# Exercise aim
At the line with "Neue, luxuriöse und", start transcribing; stop after the last line of the data below. Keep it exact and leave pictures out.

++++ Collected data ++++

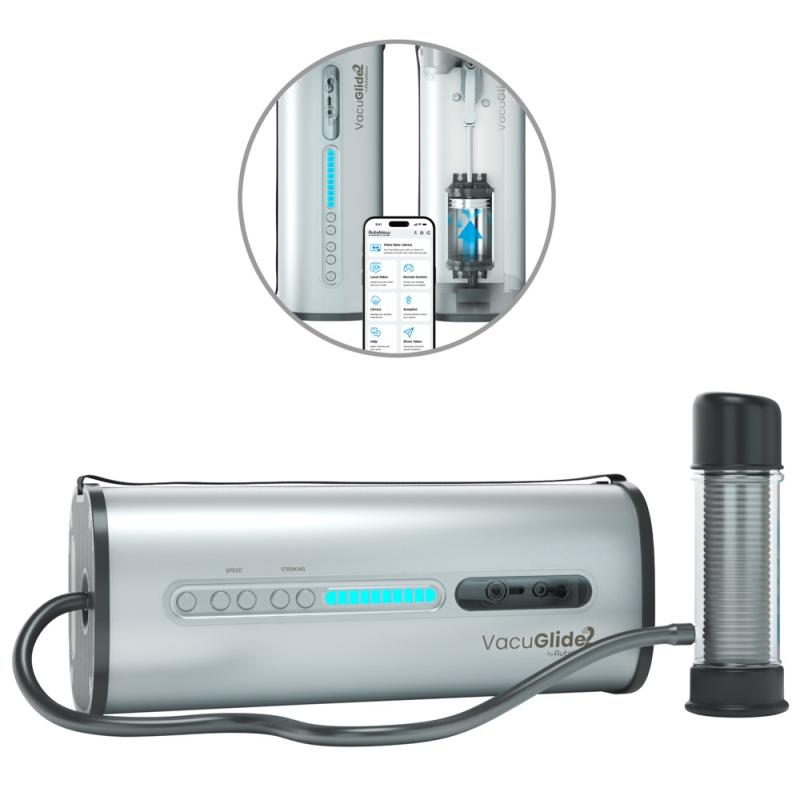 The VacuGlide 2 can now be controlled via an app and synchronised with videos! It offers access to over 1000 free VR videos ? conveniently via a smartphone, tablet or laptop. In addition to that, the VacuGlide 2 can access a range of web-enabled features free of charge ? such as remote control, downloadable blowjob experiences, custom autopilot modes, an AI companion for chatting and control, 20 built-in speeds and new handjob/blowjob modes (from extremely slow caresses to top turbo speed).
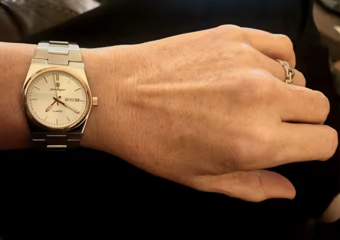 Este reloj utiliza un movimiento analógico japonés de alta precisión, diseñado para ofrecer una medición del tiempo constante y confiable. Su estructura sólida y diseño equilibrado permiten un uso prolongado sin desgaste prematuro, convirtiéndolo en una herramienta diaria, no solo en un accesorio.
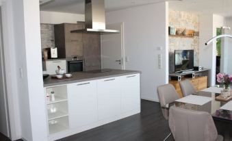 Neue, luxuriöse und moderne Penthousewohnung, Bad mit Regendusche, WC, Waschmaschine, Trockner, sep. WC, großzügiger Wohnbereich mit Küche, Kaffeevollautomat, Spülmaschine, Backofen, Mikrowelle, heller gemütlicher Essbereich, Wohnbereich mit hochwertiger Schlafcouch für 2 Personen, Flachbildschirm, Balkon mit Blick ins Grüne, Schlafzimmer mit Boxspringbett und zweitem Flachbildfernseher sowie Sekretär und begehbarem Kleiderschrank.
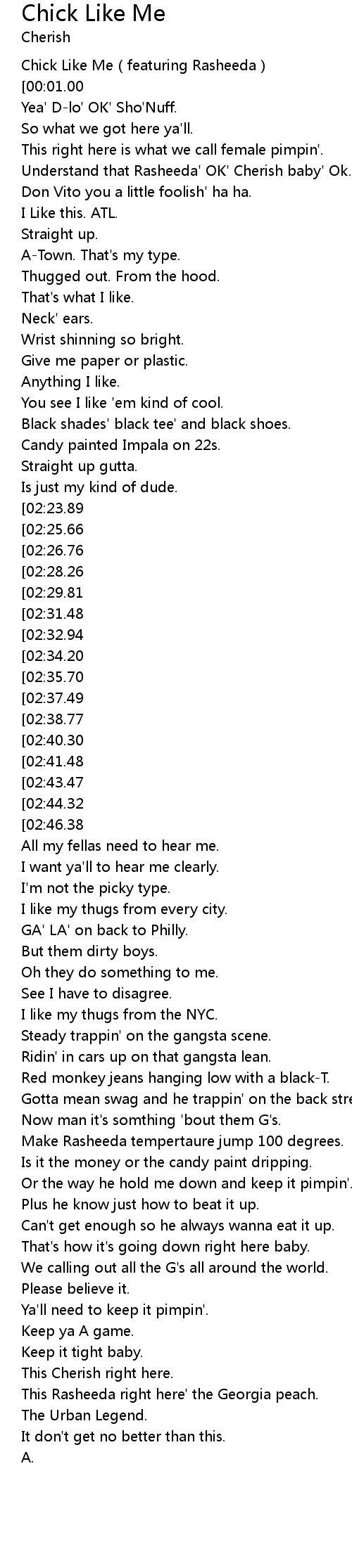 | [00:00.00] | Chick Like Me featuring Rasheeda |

++++

# Response to this exercise
 Neue, luxuriöse und moderne Penthousewohnung, Bad mit Regendusche, WC, Waschmaschine, Trockner, sep. WC, großzügiger Wohnbereich mit Küche, Kaffeevollautomat, Spülmaschine, Backofen, Mikrowelle, heller gemütlicher Essbereich, Wohnbereich mit hochwertiger Schlafcouch für 2 Personen, Flachbildschirm, Balkon mit Blick ins Grüne, Schlafzimmer mit Boxspringbett und zweitem Flachbildfernseher sowie Sekretär und begehbarem Kleiderschrank.
 | [00:00.00] | Chick Like Me featuring Rasheeda |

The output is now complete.